The long-term neglect of agriculture as reflected in the
falling real investment, rising input costs and inadequately
remunerative prices lead to fall in agricultural production
vis-à-vis requirements. Despite spectacular expansion
of bank branch network since 1969, a substantial proportion
of rural households still remain outside the coverage of
the formal banking system. Cumulatively, the sharply declining
farm income is leading to suicides by farmers. Amidst the
crisis, what remained as eternal is farming community's
desperate search for fresh credit for the ensuing season.
The current agrarian crisis thus, calls for radical policy
alternatives. Against this backdrop, this article examines
the need for effective delivery of credit at an affordable
cost to the vast sections of disadvantaged and low-income
groups who tend to be excluded from the formal banking channel
and argues for constituting a new pan India bank for rural
credit by transferring the existing rural branches of Public
Sector Banks (PSBs) and Regional Rural Banks (RRBs) to it
to serve the needs of rural population with a totally new
culture.
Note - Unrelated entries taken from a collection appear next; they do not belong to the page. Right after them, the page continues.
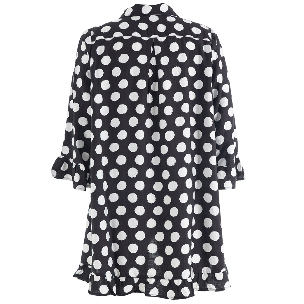 Deze Studio Tuniek S261807 Zwart/Wit van Studio is een lange blouse met een opvallend stippen dessin. Het kledingstuk heeft een klassieke overhemdkraag en een knoopsluiting over de gehele lengte aan de voorzijde. De driekwart mouwen en de asymmetrische zoom zijn afgewerkt met een subtiele volantrand. Dit model van Sandgaard is casual en toegankelijk, en geeft je outfit een speelse uitstraling.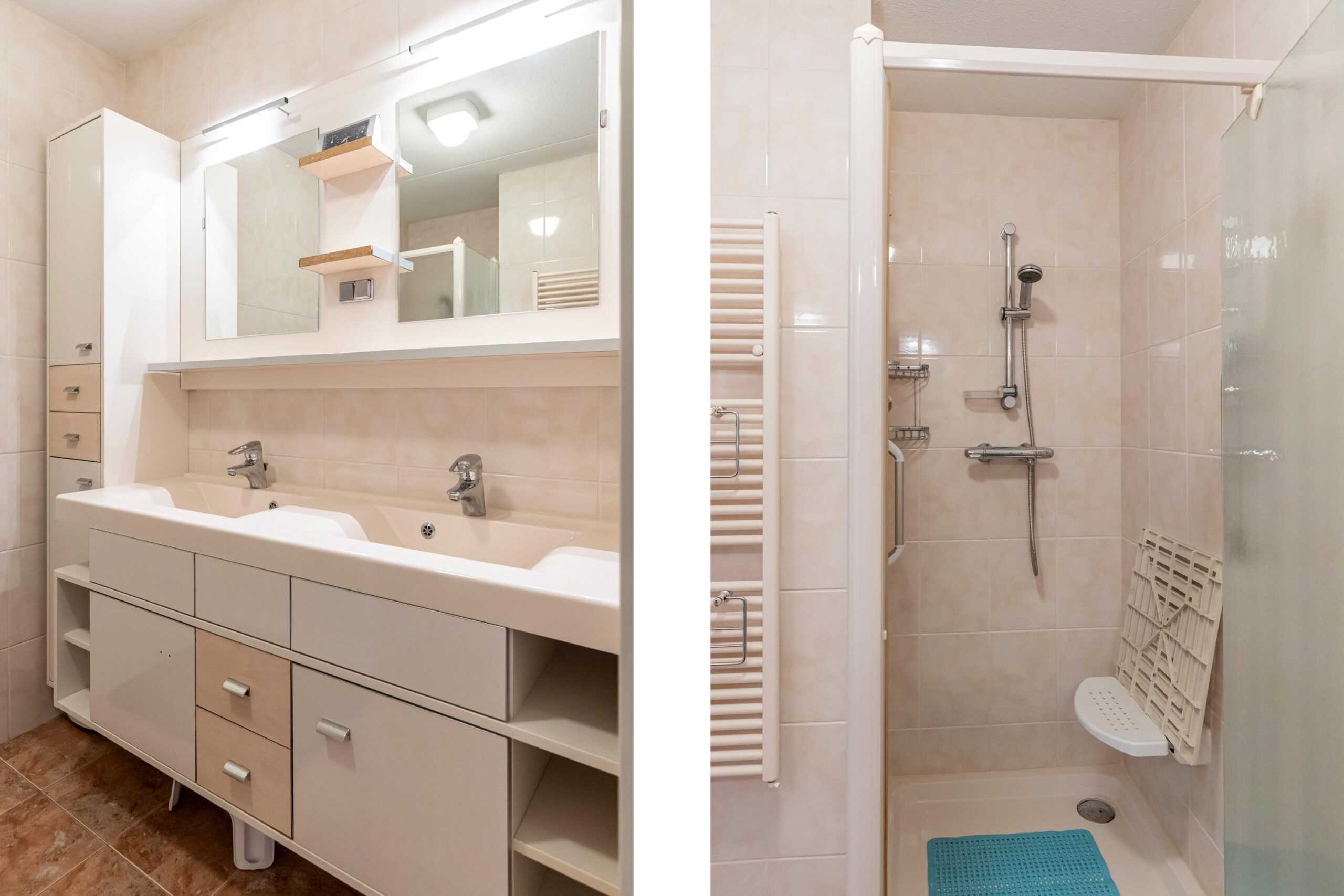 - Badkamervoorzieningen Douche, dubbele wastafel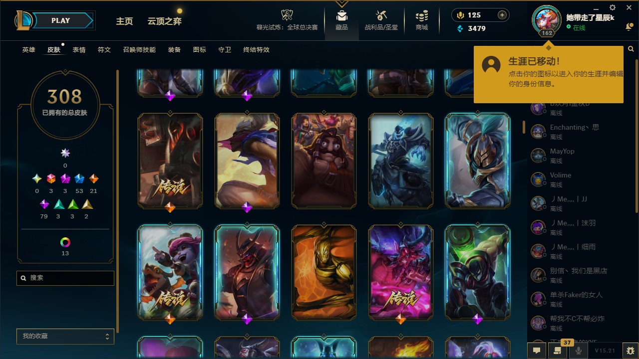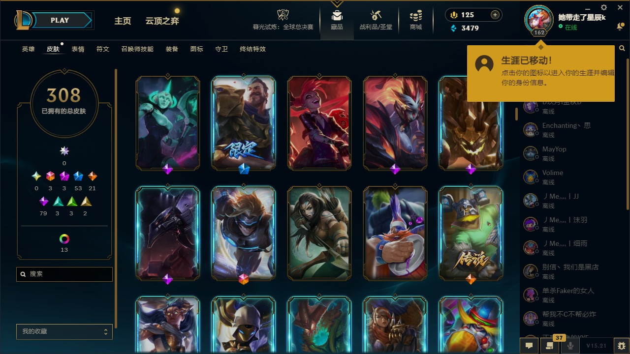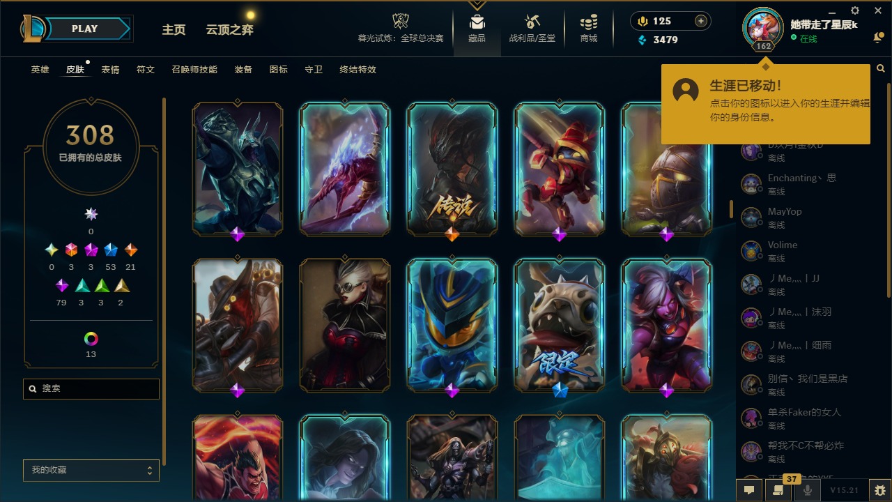 【11094135】3终极 3神话 53限定 21传说 79史诗 308皮肤 18炫彩 162英雄 可二次 可修改实名 【限定】:奥斯曼大帝 泰达米尔【赛季限定皮】:胜利女神 莫甘娜,胜利女神 希维尔,胜利之树 茂凯,胜利枪神 格雷福斯,胜利女神 奥莉安娜,胜利机器人 布里茨【冠军限定系列】:S13 T1 李青,S1FNC 酒桶,S2 暗杀星 努努,S2 暗杀星 慎,S3 SKT T1 劫,S3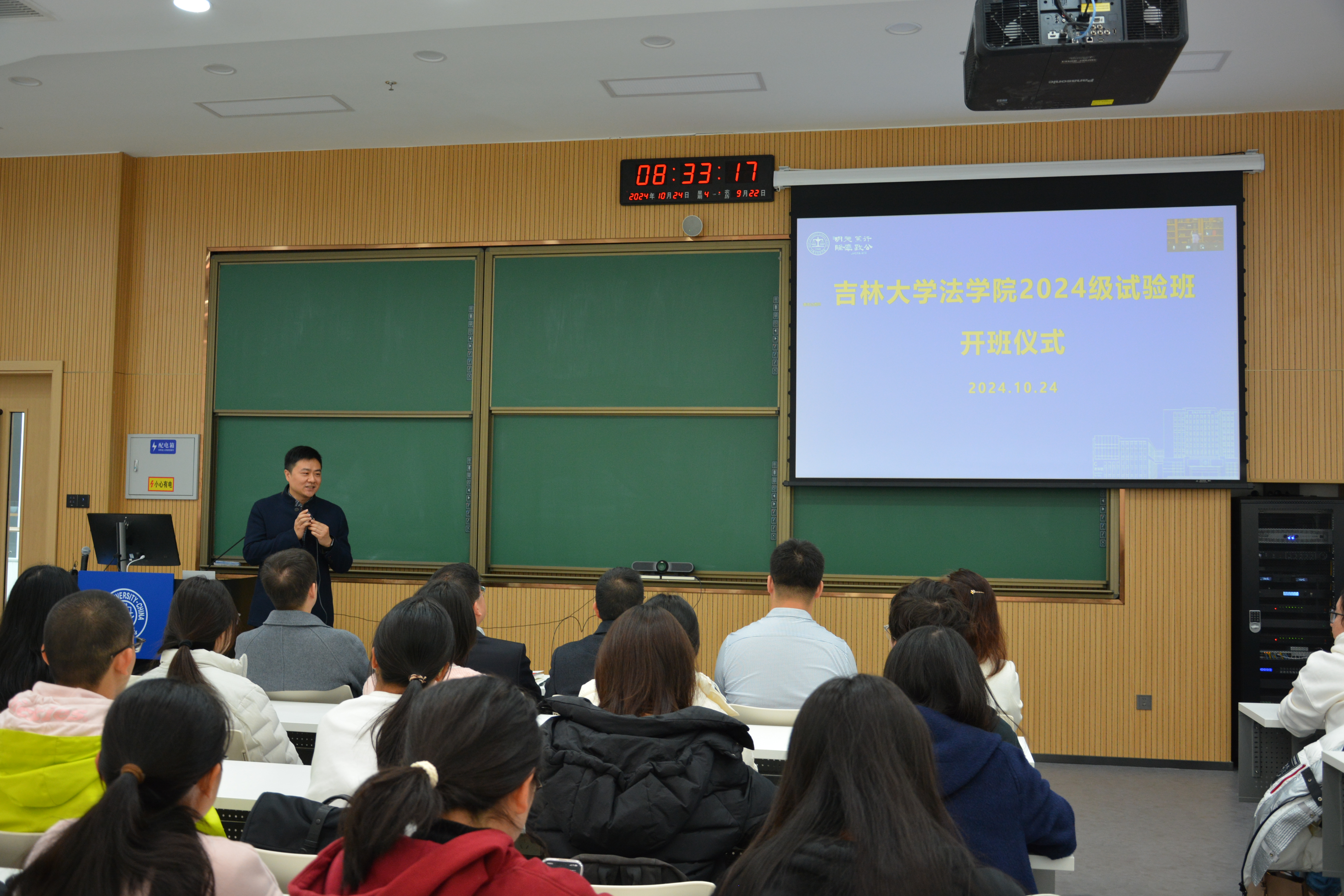 院长何志鹏教授,副院长刘晓林教授,授课教师代表侯学宾教授、沈寿文教授、周晓虹副教授出席会议。教学办公室和学生办公室相关工作人员、2024级吕振羽班(法学)20位同学、涉外法治人才培养试验班49位同学一同参会。开班仪式由刘晓林教授主持。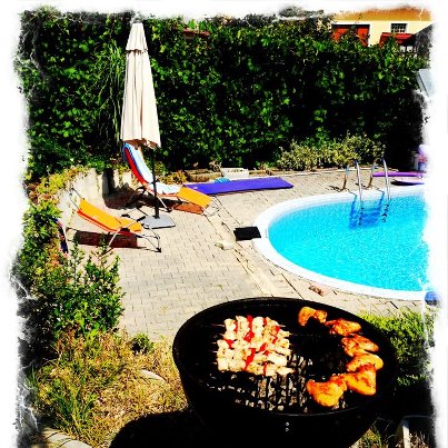 Pri nas pa danes ribe, kalamari, bučke in gobice na žaru, v pečici pečen domač krompir,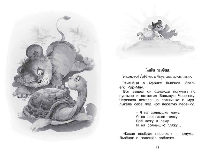 В книгу вошли любимые многими малышами сказочные повести Сергея Козлова о приключениях Львёнка по имени Ррр-Мяу и Большой Черепахи: «Я на солнышке лежу» и «Как Львёнок и Черепаха отправились в путешествие».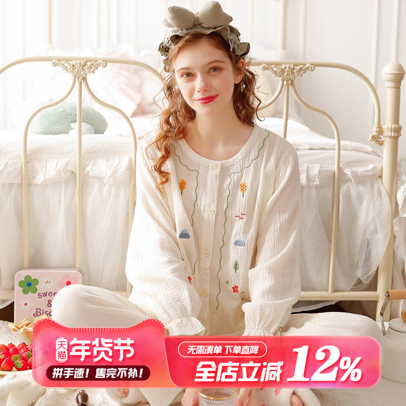 双层纱布月子服纯棉孕妇冬季喂奶睡衣产妇哺乳全棉A类家居服套装

For, such State intervention in the form of `capitalist
guided market economy' alone can ensure `inclusive growth'
With the advent of economic reforms, India has been witnessing
a phenomenal growth in its economy. The GDP, at factor cost
in 1993- 94 prices, has increased from Rs. 4,01,100 cr as
on 1980-81 to Rs. 15,29,400 cr by 2004-05. The GDP at current
market prices as projected by the Central Statistical Organisation
is Rs. 46,93,602 cr in 2007-08, and at factor cost at constant
1999-2000 prices it is projected to grow at the rate of
8.7% in 2007-08. This newfound growth has, of course, thrown
many challenges at the policy makers:
The gap between the rich and the poor has been widening.
The income/consumption inequality as measured by Gini Index
has increased to 30.5% in 2004 from 27.7% in 1994.
Agriculturethe mainstay for 65% of the populationhas
been marginalised. There is an increasing apprehension among
economists that even additional investment in agriculture
to push its growth rate from the present 2.5% to 4% and
thereby create additional employment, may at best add only
0.24 percentage points to the GDP, and this may not mean
much for the already marginalised rural masses, especially
in the context of the declared goal of `inclusive growth'.